L’extension du temps partiel est une fausse bonne idée : elle se ferait surtout par les travailleurs précaires et par les femmes, accroissant les inégalités. Une réduction globale du temps de travail est une meilleure solution.

Invité sur France Inter le 4 mars, François Rebsamen, ministre du Travail, s’est prononcé en faveur du développement du temps partiels pour combattre le chômage plutôt que de la réduction et le partage global du temps de travail.

Le temps partiel constitue effectivement une manière de partager le travail, mais il est socialement injuste, et par ailleurs vecteur d’inégalités entre les femmes et les hommes. A l’inverse d’une réduction du temps de travail des contrats à temps plein – comme ce fut le cas lors de la mise en place des 35 heures –, le temps partiel fait peser sur une petite partie de la collectivité tous les efforts de résorption du chômage.

Or les salariés à temps partiels appartiennent souvent à des catégories sociales déjà fragilisées : comme le rappelle régulièrement la Dares (Direction de l’animation de la recherche, des études et des statistiques, le travail à temps partiel concerne majoritairement les femmes : 31 % des femmes contre 7 % des hommes ; mais également 27 % des jeunes, 25 % des seniors ou encore 25 % des personnes les moins diplômés.

Parmi ces catégories, les femmes sont les plus concernées : en France, 82% des salariés à temps partiel sont des femmes. Cette inégalité se double d’une autre caractéristique : la proportion de femmes à temps partiel est considérablement accrue lorsqu’elles ont des enfants à charge. Ainsi, plus de 45 % des femmes salariées ayant trois enfants travaillent à temps partiel.
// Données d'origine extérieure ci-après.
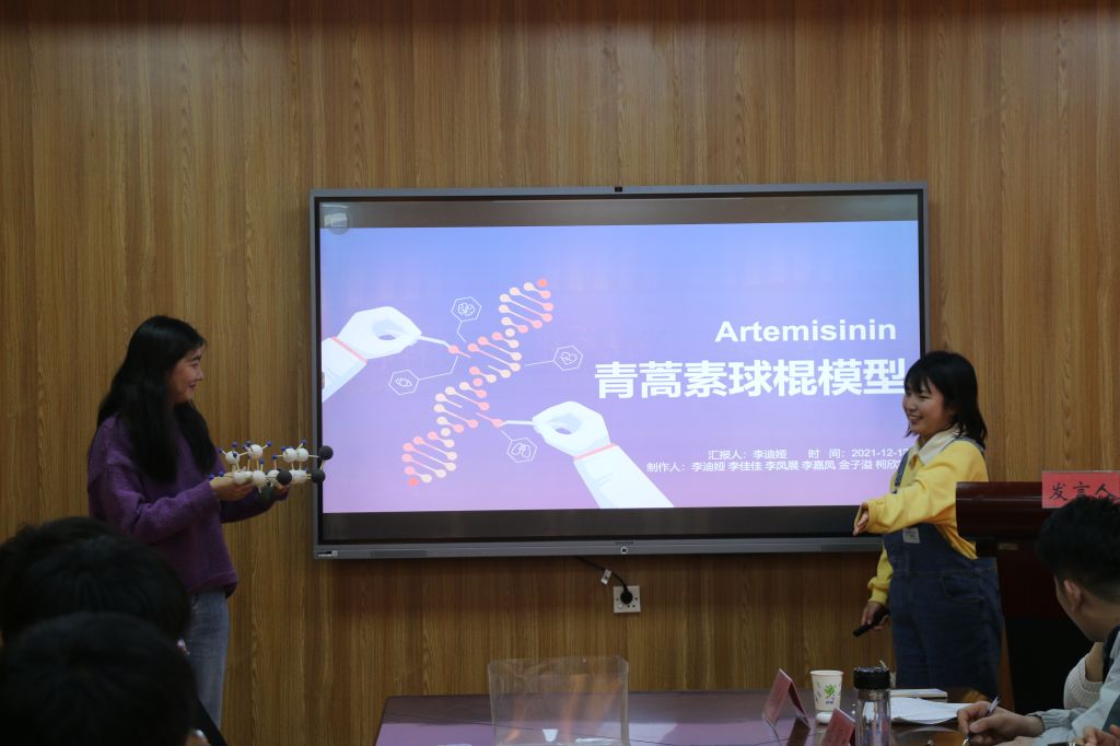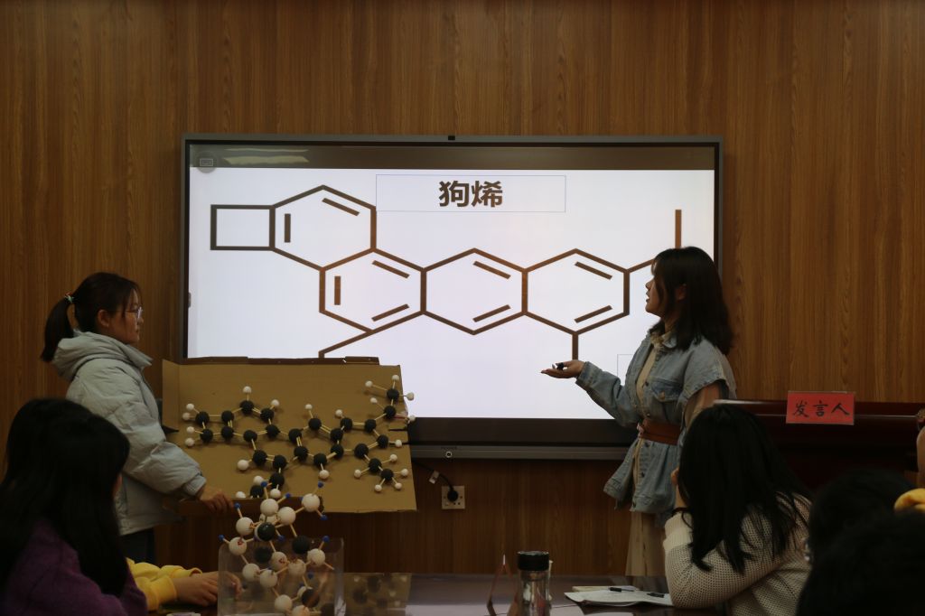 决赛中,参赛选手通过实物展示和ppt汇报相结合的形式,具体介绍他们参赛作品的分子性质、用途和特点等,同时对分子模型的结构、制作材料、制作过程、设计理念等方面进行了详细的介绍和讲解。各组参赛选手还将所设计的分子模型进行现场展示,通过分子结构、骨架等方面多维度展现了分子模型的精妙之处。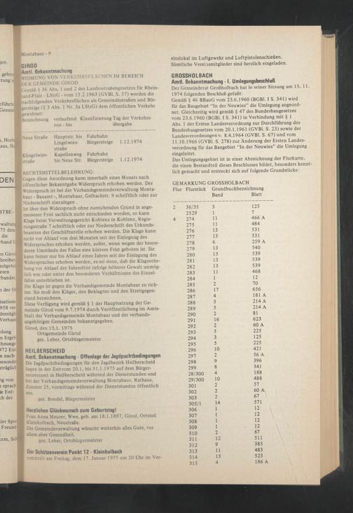 Diese Verfügung wird gemäß § 1 der Hauptsatzung der Gemeinde Girod vom 9.7.1974 durch Veröffentlichung im Amtsblatt der Verbandsgemeinde Montabaur und der verbandsangehörigen Gemeinden bekanntgegeben.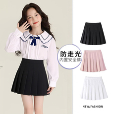 垂感松紧高腰百褶春秋新款半身裙女防走光小个黑色显瘦A字短裙子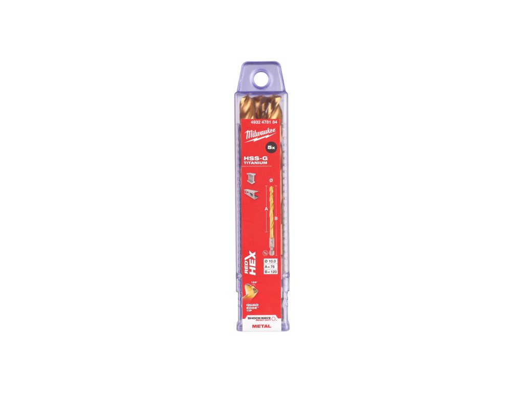 MILWAUKEE Špirálový vrták 10,0 x 120/76 mm HSS-G TiN, Red HEX - Shockwave™ (5 ks v balení)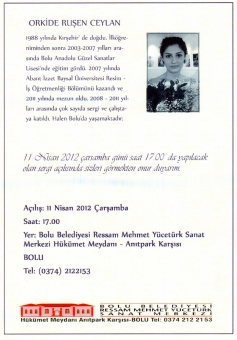 11-21 Nisan tarihleri arasında gezilebilecek olan sergi açılışı, 11 Nisan 2012, Çarşamba günü, saat:17.oo de yapılacak. Orkide Ruşen CEYLAN: 1988 yılında Kırşehir’de doğdu. İlköğreniminden sonra, 2003-2007 yılları arasında, Bolu Anadolu Güzel Sanatlar Lisesi’nde eğitim gördü. 2007 yılında, Abant İzzet Baysal Üniversitesi-Resim İş Öğretmenliği Bölümünü kazandı ve 2011 yılında mezun oldu. 2008-2011 yılları arasında çok sayıda, sergi ve çalıştaya katıldı. Halen Bolu’da yaşamaktadır.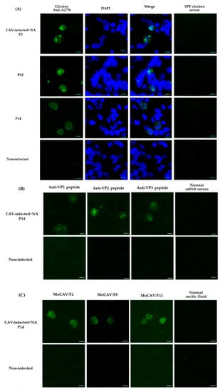 CAV antigens in the infected cells were detectable by an indirect fluorescent antibody test (IFAT) using antiserum to the CAV/A2/76 strain (chicken anti-A2/76). The granular shapes observed were regarded as CAV antigens in both CAV-infected and the CAV-infected + NA cells at 24, 48, 72, and 96 hpi (Figure 2). CAV antigens were also confirmed in CAV-infected + NA cells at the fifth passage (P5), P10, and P14. By contrast, no fluorescence signal was observed in non-infected cells at the same passages (Figure 3A). VP1, VP2, and VP3 antigens were detected in CAV-infected + NA cells at P14 (Figure 3B,C).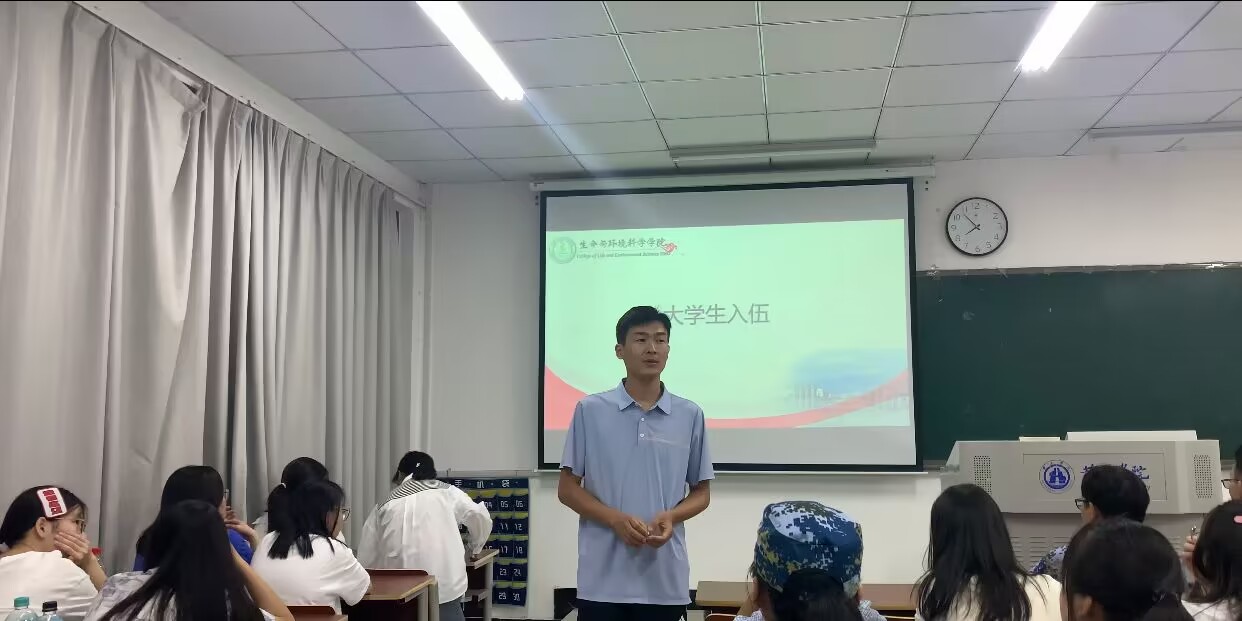 为深入学习贯彻习近平新时代中国特色社会主义思想,弘扬爱国主义精神,普及国防教育,增强我院新生的国防观念,9月12日晚,生环学院生物技术、食品科学与工程、生物科学及林学共计5个新生班级于文渊楼教室开展国防知识讲座。共计232名同学参加,讲座由辅导员徐良玉主持。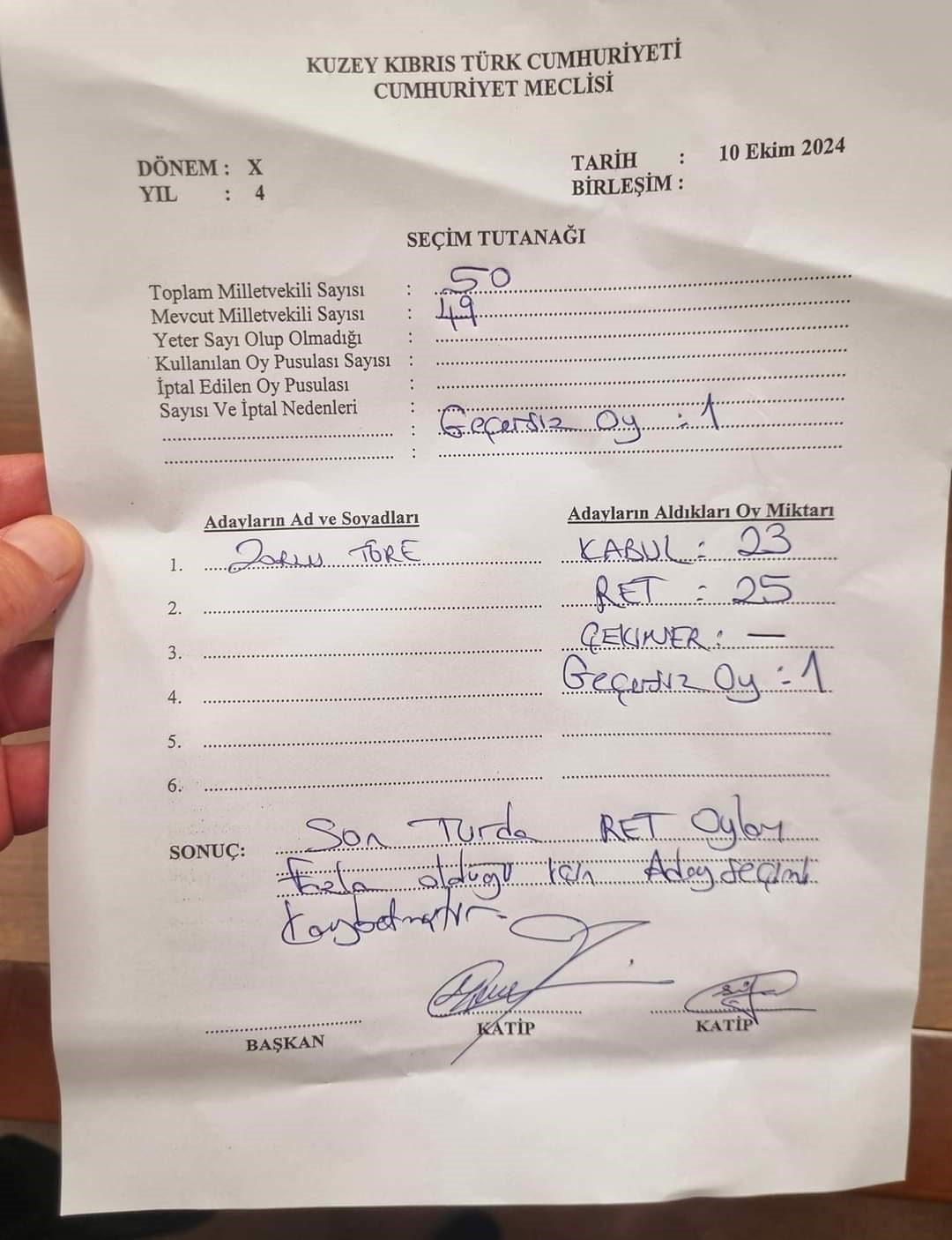 Zorlu Töre, 5 tur yapılan seçimin son turunda 23 evet oyuna karşılık 25 hayır oyu almasına rağmen “Tek aday olduğum için kazandım” diyerek oturumu kapattı. Hayır oylarının evet oylarından fazla olduğunu belirten CTP milletvekilleri, oturumun kapatılmasına sert tepki gösterdi. Zorlu Töre tek aday olduğu için 23 kabulün yeterli olduğunu savundu. Bayındırlık ve Ulaştırma Bakanı Erhan Arıklı gazetecilere yaptığı açıklamada, Başsavcılık’tan görüş alınacağını söyledi. CTP’nin konuyu yargıya taşıması beklenirken, bir sonraki toplantının tarihi ise açıklanmadı. Öte yandan UBP Milletvekili Faiz Sucuoğlu, Genel Kurul toplantısına katılmadı.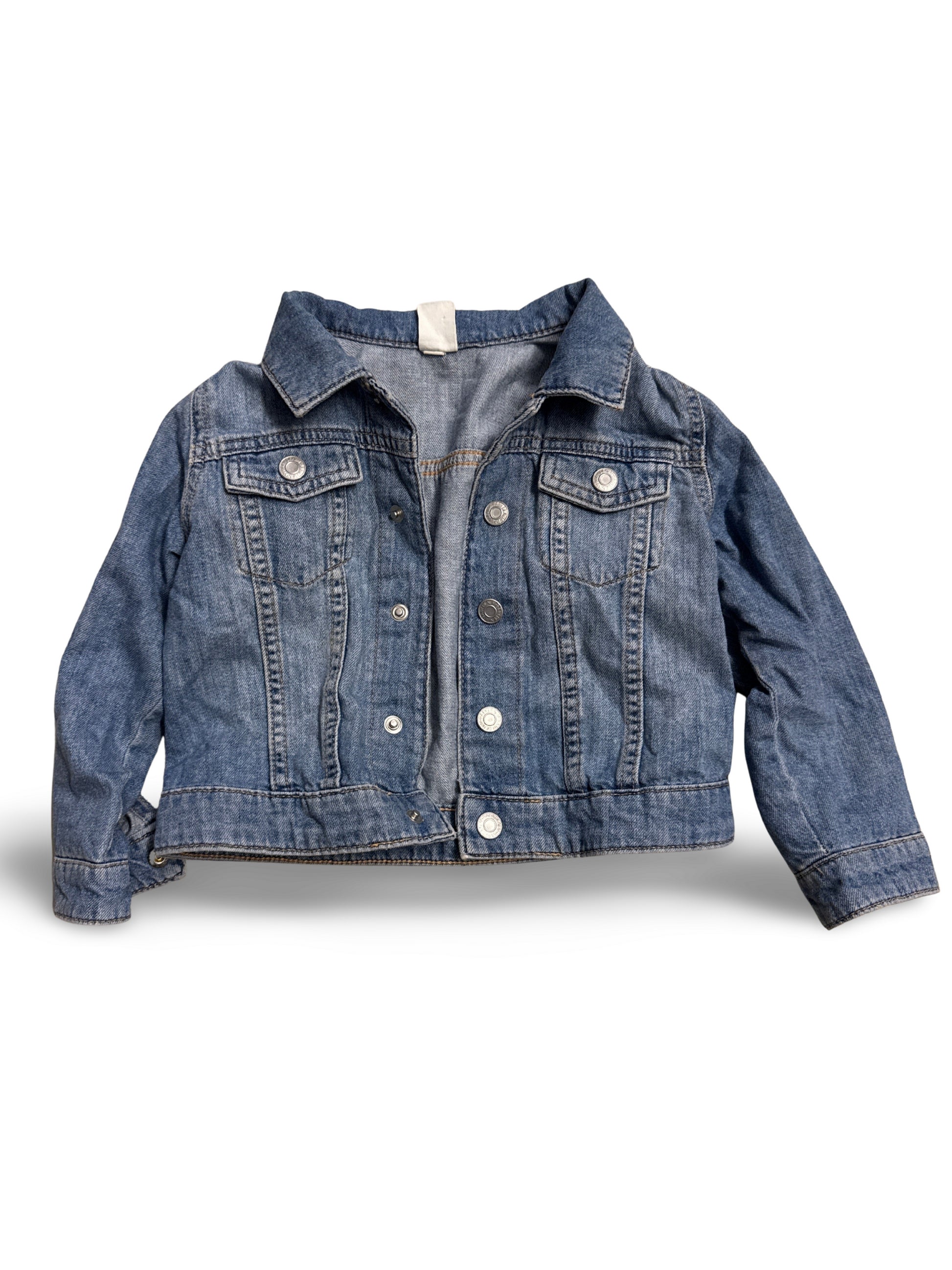 Klassische Jeansjacke im Denim-Look mit Knopfleiste und aufgesetzten Brusttaschen. Lässig und vielseitig, ideal zum Kombinieren mit Kleidern, Chinos oder Jeans. Schlichtes Design mit betonten Nähten für einen zeitlosen, urbanen Style.

A l’inverse, selon l’Anact (Agence nationale pour l’amélioration des conditions de travail), le choix du temps partiel par les hommes suit une courbe opposée, car ils choisissent ce type de contrat majoritairement lorsqu’ils n’ont pas d’enfants à charge : 18 % d’entre eux travaillent à temps partiel afin d’exercer une autre activité professionnelle, reprendre des études ou se former.

Par ailleurs, le travail à temps partiel est une solution précaire et incertaine. En effet, les 32 % de salariés déclarant travailler à temps partiel faute de trouver un emploi à temps plein, sont en majorité moins diplômés que les autres salariés, occupent des emplois dits à faibles qualifications et leur contrat sont le plus souvent des CDD (contrats à durée déterminée) ou relèvent de l’intérim. Par ailleurs, parmi les 41 % déclarant choisir de leur plein gré le temps partiel, beaucoup le font parce qu’ils s’occupent de leurs ou de leurs parents. Qu’il s’agisse du soin des enfants ou des parents (des leurs ou ceux de leur conjoint), ce sont quasi-exclusivement les femmes qui sont, de fait, impliquées. Ces contraintes relativisent assez largement la notion de choix.

Quand on sait qu’en France plus de la moitié des travailleurs à temps partiel gagnent moins de 850 euros par mois, on voit en quoi un partage plus juste du temps de travail est un enjeu décisif en termes d’égalité et de dignité. Accroitre le recours au temps partiel comme outil de lutte contre le chômage, c’est donc favoriser des logiques inégalitaires déjà en place, qui ne permettent ni l’autonomie des salariés ni l’indépendance financière des femmes.

On peut penser à l’inverse que le chômage est un problème collectif, et que sa résorption, pour être juste, doit passer par des mesures qui mobilisent l’ensemble des salariés et de ceux et celles qui souhaiteraient pouvoir l’être. La réduction et le partage du temps de travail et des richesses font parties des solutions à enfin prendre en compte et mettre en œuvre.